Корсаков помог ей достать из шкафа чайный сервиз с затейливым рисунком. Тонкие чашки были прозрачны той обманчивой чистотой, которая присуща лишь жемчужинам. Игорь даже не удержался и попытался взглянуть сквозь чашку на свет.
– Саксонский фарфор, – пояснила Лада Алексеевна. – Не правда ли, прекрасно?
– Изумительно, – подтвердил Корсаков.
– Мой дед привез сервиз из Германии в конце девятнадцатого века. Кстати, как и картину, которую я вам подарила, – Лада Алексеевна обернулась к двери и немного повысила голос: – Анна, ты скоро? За это время можно ведро вскипятить.
– Уже иду, бабуля, – отозвалась девушка.
– Я строга с внучкой, – пояснила Лада Алексеевна, – она еще ребенок и притом балованный. К сожалению, мой племянник, ее отец, избаловал девочку. Надеюсь, вами она не пытается управлять?
– Случается, – усмехнулся Корсаков.
– Не позволяйте ни в коем случае! Если впоследствии вы хотите иметь рядом настоящую женщину, не важно: друга, жену или любовницу – никогда не позволяйте Анюте командовать собой.
– Я постараюсь.
– Вот и я, – Анюта вошла в комнату с чайником в руке. – Я хочу чай с мятой и мелиссой. Бабуля заваривает удивительный чай. Заваришь, бабуля?
– Нет, молодые люди. Сегодня я вам предложу нечто другое, – Лада Алексеевна поднялась со стула, подошла к письменному столу и достала из нижнего ящика разрисованную драконами железную банку из-под китайского жасминового чая. – Анна, сполосни кипятком заварочный чайник и посиди спокойно минут пять. Мне надо сосредоточиться.
Она взяла у Анюты горячий от кипятка заварочный чайник, Корсаков, по ее просьбе, открыл жестяную банку. В нос ударил запах трав. Лада Алексеевна зачерпнула из банки три ложки размельченной зеленоватой травы, всыпала в чайник, плеснула немного кипятку и поставила на стол, накрыв чайник ватной куклой в широком толстом платье. Движения старой женщины были неспешные и плавные, словно она исполняла особый ритуал. Присев на стул, она посмотрела на сидящих рядышком Игоря и Анюту.
– Дорогая моя, что у тебя за прическа?
– А что? – Анюта вскочила, подошла к шкафу и вгляделась в помутневшее, с отслоившейся кое-где амальгамой, зеркало. – Сейчас так носят. Бабуля! Ты отстала от жизни.

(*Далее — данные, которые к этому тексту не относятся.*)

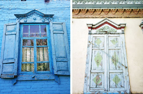 所有来到喀赞其的游客都会去拍蓝色的墙壁,更值得注意的是窗子、门廊和屋顶的设计,这里的窗子都是双层的,窗子上方有遮挡融雪的突出窗檐,玻璃窗外有一层木窗,还有一道斜向的木条,这是俄国人带来的颇为考究的御寒设计。
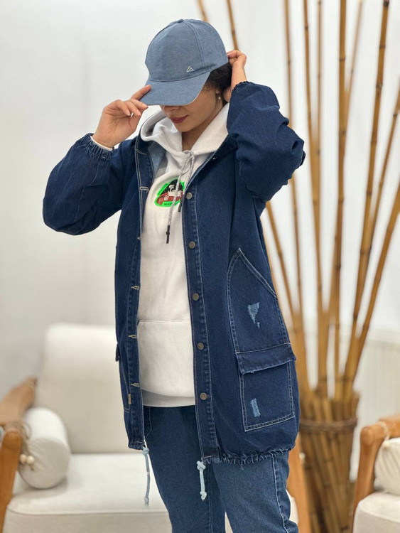 مانتو جین زنانه مدل کلاهدار پاییزه
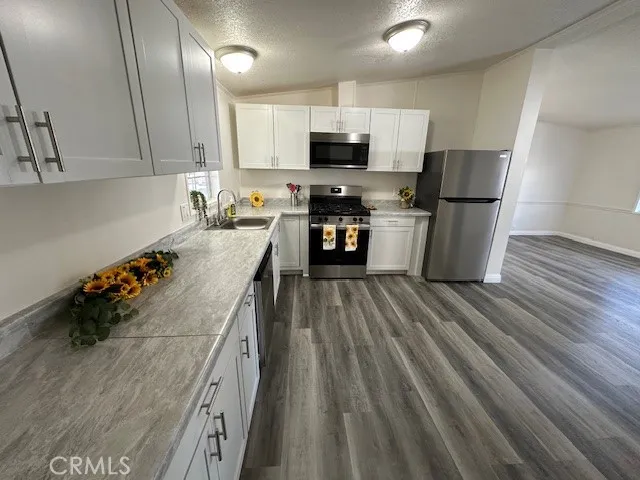 55+ Gated, Lovely, Scenic Community of Casa Del Rey. This 3 Bed, 2 Bath home has been completely remodeled. New kitchen cabinets and counter tops with new stainless steel appliances. New custom paint inside and outside. New bathrooms, Laminate flooring with carpet in the bedrooms. Barn door to the master bedroom bathroom. New water heater and A/C unit. Central heating and Air conditioning. Many upgrades. Park has two clubhouses, swimming pools, enclosed jacuzzi, billiards, TV room, conference room, exercise room and more. WOW all this and if a full price offer you will receive a bonus of a Golf Cart to easily get around our community. Park also has very affordable space rent of $689. Retire in style your way where Casa Del Rey offers you "A little more for a little less".
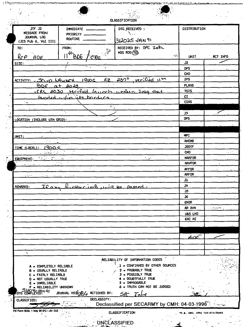 Document 1 f:/Week-09/BX000019/DUTY LOG G3 REAR 1 FEB 91/scud launch:0415961640004

– Возможно, что и отстала, но прическа должна соответствовать общему облику. Сегодня на тебе вечернее платье или то, что сейчас под ним подразумевают, а волосы лежат так, будто ты всю ночь кувыркалась на сеновале с трактористом Ваней.

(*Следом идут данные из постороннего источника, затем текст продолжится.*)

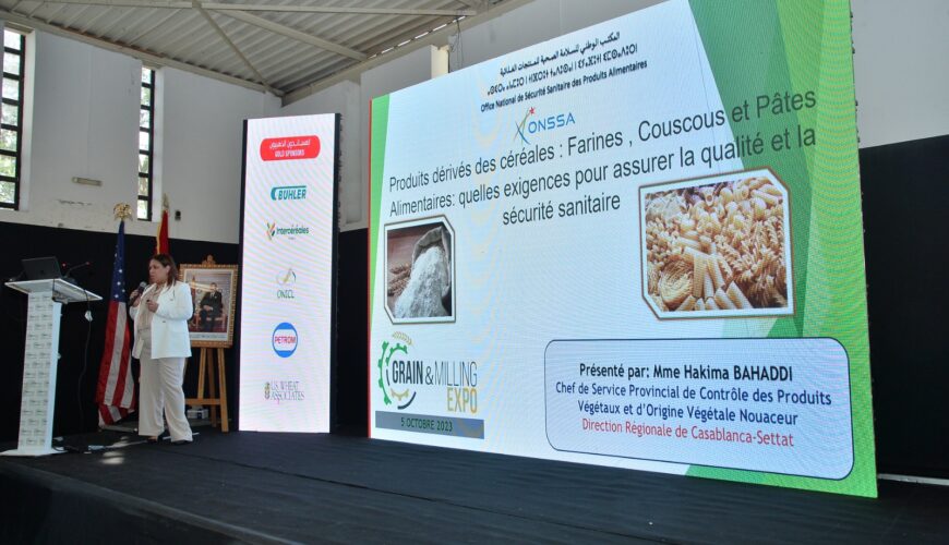 L’Office National de Sécurité Sanitaire des Produits Alimentaires, représenté par sa Direction Régionale de Casablanca – Settat, a participé les 04 et 05 octobre à Casablanca à la neuvième édition du Salon international des Industries Céréalières “Grain et Milling Expo”, organisé sous le thème « La Souveraineté Alimentaire : Cas des céréales ».
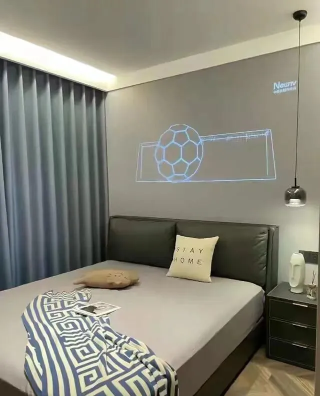 这间是孩子的房间吧 , 床头搞了个科技感十足的足球造型 , 男孩子应该会很喜欢!
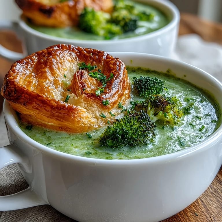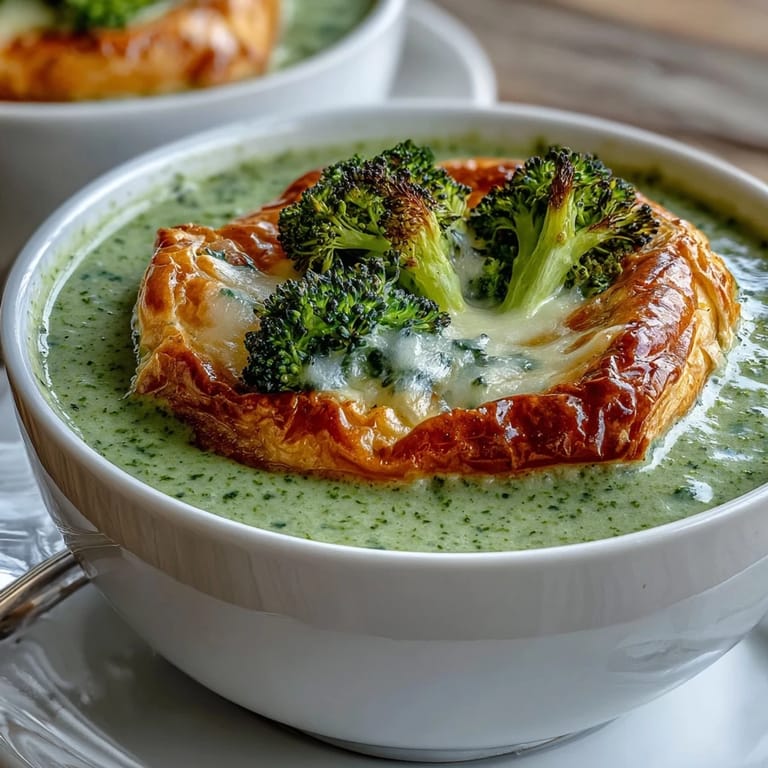 What sets this dish apart is the contrast between the smooth, creamy soup and the sharp, melted cheese within the puff pastry. Whether you're serving this to guests or enjoying a quiet dinner at home, the golden pastries provide a professional-looking finish that is surprisingly simple to achieve.
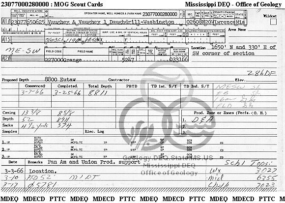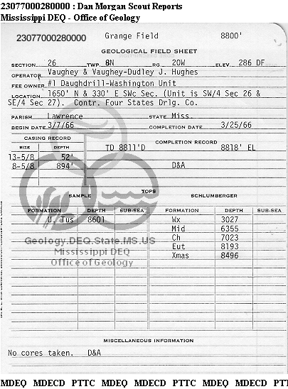 | 1 | 23077000280000 | VAUGHEY & VAUGHEY | DGHDRLL-WSHNGTN UN | 1 | Dry Hole |

– Теперь на это никто не смотрит!
– На кувыркание на сеновале? Вполне допускаю, – кивнула Лада Алексеевна, – но вкус хоть какой-то должен присутствовать в одежде и облике.

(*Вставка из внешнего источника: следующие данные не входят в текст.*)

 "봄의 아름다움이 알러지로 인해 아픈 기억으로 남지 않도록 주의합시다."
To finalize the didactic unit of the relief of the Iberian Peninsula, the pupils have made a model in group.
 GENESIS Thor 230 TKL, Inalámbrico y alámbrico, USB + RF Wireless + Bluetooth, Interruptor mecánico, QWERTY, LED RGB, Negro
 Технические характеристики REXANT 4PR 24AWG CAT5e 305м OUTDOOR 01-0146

– Бабуля, ну я тебя прошу: хоть при Игоре не пили меня, – Анюта уселась на стул и надула губы, как ребенок.
– Отчего же не при нем? – удивилась Белозерская. – Если мне не удается на тебя повлиять, так может, вместе мы справимся. Для женщины чрезвычайно важен стиль в одежде, а прическа должна непременно соответствовать ему. Молодой человек, я вас попрошу, поскольку вкус у вас более развит, чем у этой несносной девчонки, последите, во что она одевается.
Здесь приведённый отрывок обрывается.